* THE RECORDS
════
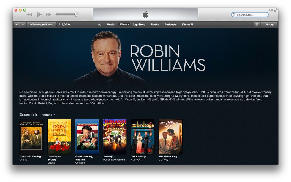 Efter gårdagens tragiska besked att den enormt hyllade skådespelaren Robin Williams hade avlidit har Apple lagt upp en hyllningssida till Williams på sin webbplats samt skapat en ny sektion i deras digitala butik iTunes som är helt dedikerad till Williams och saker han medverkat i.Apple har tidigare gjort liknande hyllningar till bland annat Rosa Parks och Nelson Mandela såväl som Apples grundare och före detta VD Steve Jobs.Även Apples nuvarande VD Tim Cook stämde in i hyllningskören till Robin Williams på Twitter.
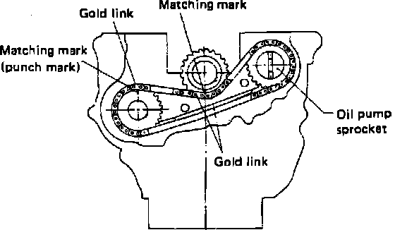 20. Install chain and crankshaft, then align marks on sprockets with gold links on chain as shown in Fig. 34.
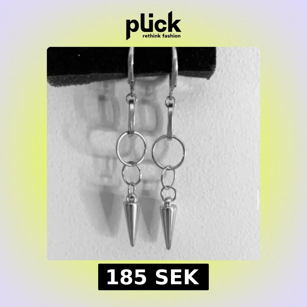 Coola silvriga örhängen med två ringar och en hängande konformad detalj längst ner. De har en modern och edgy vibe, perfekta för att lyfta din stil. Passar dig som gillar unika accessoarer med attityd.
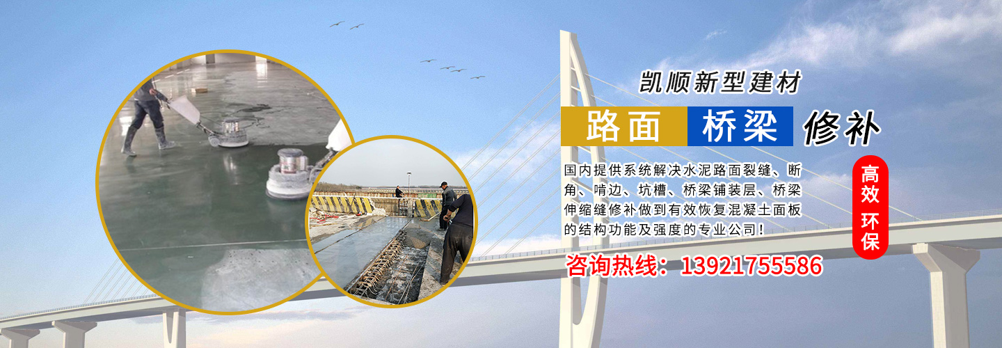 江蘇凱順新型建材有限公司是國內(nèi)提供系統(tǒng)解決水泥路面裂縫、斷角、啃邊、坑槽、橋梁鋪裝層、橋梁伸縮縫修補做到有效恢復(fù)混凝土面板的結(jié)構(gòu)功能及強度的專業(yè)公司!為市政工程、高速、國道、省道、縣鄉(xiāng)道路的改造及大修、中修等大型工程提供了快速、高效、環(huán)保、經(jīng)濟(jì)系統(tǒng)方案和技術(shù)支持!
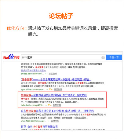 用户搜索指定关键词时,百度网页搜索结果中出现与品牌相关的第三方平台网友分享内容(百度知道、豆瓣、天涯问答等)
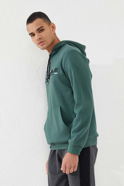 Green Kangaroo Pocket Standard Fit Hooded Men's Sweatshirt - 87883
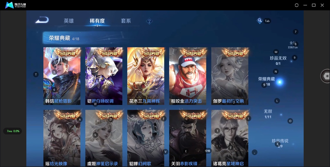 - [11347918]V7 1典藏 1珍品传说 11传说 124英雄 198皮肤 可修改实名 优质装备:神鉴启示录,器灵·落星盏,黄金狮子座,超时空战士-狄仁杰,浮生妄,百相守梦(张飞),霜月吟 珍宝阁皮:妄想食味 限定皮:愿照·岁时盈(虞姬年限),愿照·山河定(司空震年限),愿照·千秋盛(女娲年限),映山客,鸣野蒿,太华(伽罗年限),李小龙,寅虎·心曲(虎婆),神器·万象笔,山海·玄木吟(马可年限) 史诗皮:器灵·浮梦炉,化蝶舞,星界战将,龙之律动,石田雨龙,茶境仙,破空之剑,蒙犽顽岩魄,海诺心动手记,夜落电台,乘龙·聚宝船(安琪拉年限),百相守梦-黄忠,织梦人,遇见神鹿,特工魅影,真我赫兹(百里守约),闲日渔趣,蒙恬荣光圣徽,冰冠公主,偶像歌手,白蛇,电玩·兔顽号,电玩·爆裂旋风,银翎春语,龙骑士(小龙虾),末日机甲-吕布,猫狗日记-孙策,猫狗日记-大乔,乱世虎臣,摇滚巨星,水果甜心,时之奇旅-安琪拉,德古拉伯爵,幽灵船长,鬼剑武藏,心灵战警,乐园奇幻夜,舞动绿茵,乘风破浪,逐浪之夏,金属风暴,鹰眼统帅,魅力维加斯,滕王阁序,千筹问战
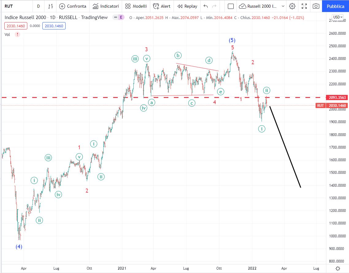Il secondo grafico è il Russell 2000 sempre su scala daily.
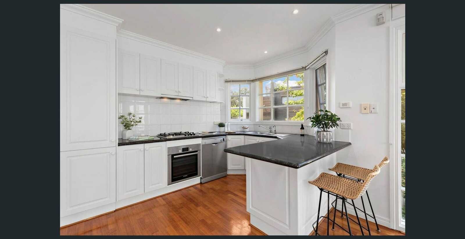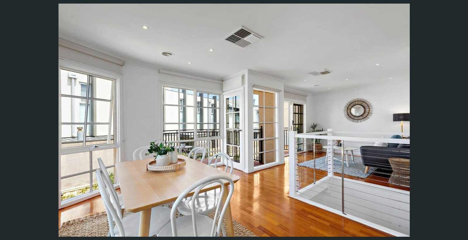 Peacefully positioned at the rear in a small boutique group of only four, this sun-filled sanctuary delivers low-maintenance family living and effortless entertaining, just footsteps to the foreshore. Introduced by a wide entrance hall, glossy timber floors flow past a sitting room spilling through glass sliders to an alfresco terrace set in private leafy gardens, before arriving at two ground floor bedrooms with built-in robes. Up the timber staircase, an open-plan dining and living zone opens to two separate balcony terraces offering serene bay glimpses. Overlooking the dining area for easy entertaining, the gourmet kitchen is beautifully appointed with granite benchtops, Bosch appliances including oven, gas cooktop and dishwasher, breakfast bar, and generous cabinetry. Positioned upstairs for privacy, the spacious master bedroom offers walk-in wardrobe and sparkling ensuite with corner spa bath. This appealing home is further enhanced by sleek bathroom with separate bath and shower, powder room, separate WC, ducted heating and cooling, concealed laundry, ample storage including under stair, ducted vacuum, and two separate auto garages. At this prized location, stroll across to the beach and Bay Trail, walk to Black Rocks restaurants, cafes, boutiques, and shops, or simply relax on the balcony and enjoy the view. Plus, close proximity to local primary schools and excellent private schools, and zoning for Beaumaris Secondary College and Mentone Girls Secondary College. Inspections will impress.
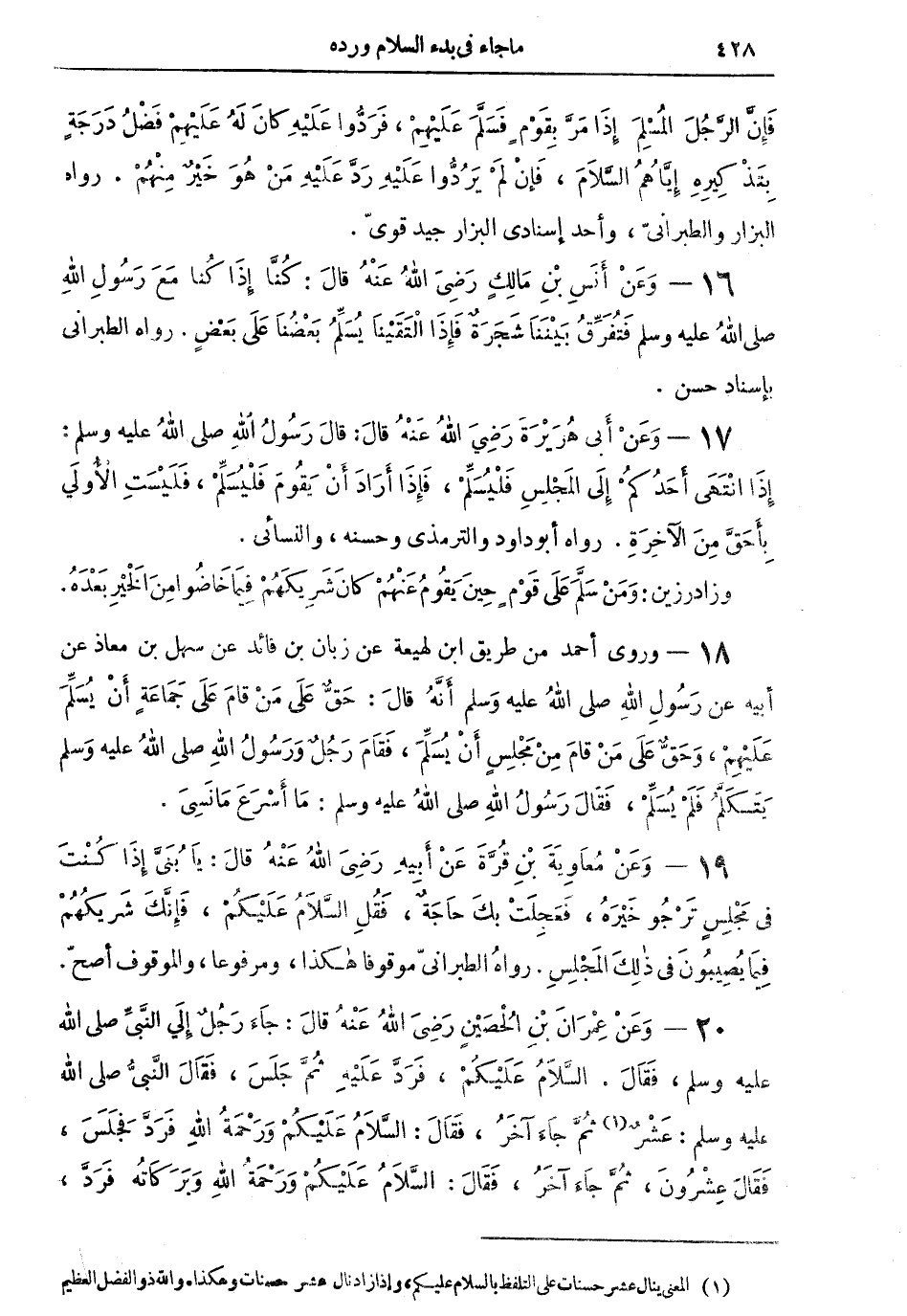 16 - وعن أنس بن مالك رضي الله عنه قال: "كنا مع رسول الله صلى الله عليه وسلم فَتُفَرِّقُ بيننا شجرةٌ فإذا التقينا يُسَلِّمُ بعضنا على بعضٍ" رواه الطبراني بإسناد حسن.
════
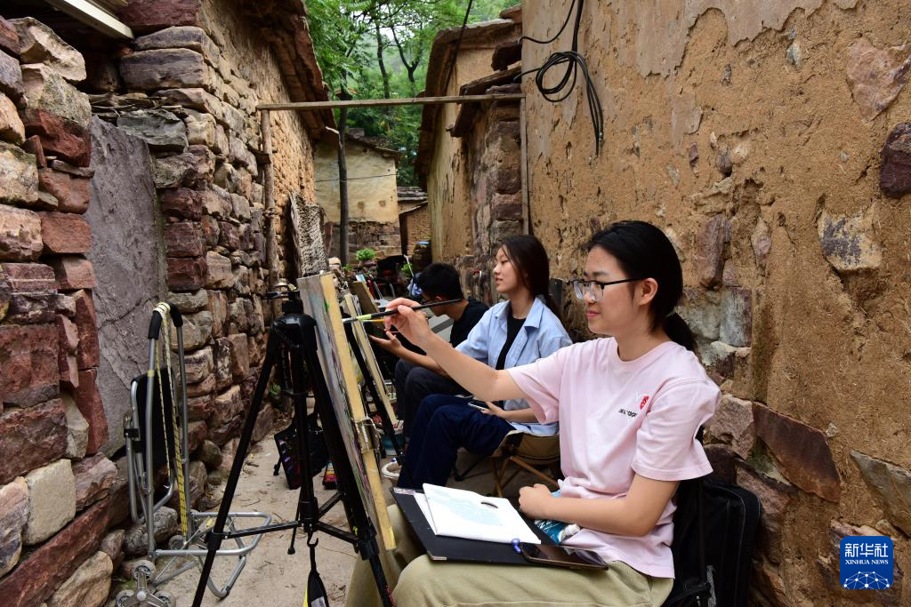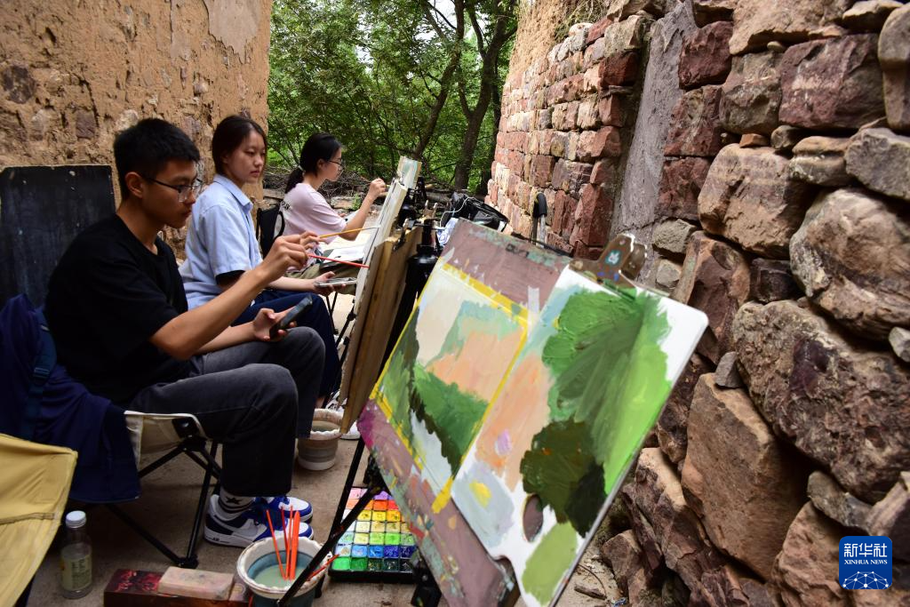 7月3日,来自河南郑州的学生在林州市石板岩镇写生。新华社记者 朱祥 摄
════
* WORK ITEM
The response must repeat exactly the lines above from the one with "江蘇凱順新型建材有限公司是國" through the one with "Green Kangaroo Pocket", including both, and must contain no pictures and no other text.

* WRITTEN ANSWER
 江蘇凱順新型建材有限公司是國內(nèi)提供系統(tǒng)解決水泥路面裂縫、斷角、啃邊、坑槽、橋梁鋪裝層、橋梁伸縮縫修補做到有效恢復(fù)混凝土面板的結(jié)構(gòu)功能及強度的專業(yè)公司!為市政工程、高速、國道、省道、縣鄉(xiāng)道路的改造及大修、中修等大型工程提供了快速、高效、環(huán)保、經(jīng)濟(jì)系統(tǒng)方案和技術(shù)支持!
 用户搜索指定关键词时,百度网页搜索结果中出现与品牌相关的第三方平台网友分享内容(百度知道、豆瓣、天涯问答等)
 Green Kangaroo Pocket Standard Fit Hooded Men's Sweatshirt - 87883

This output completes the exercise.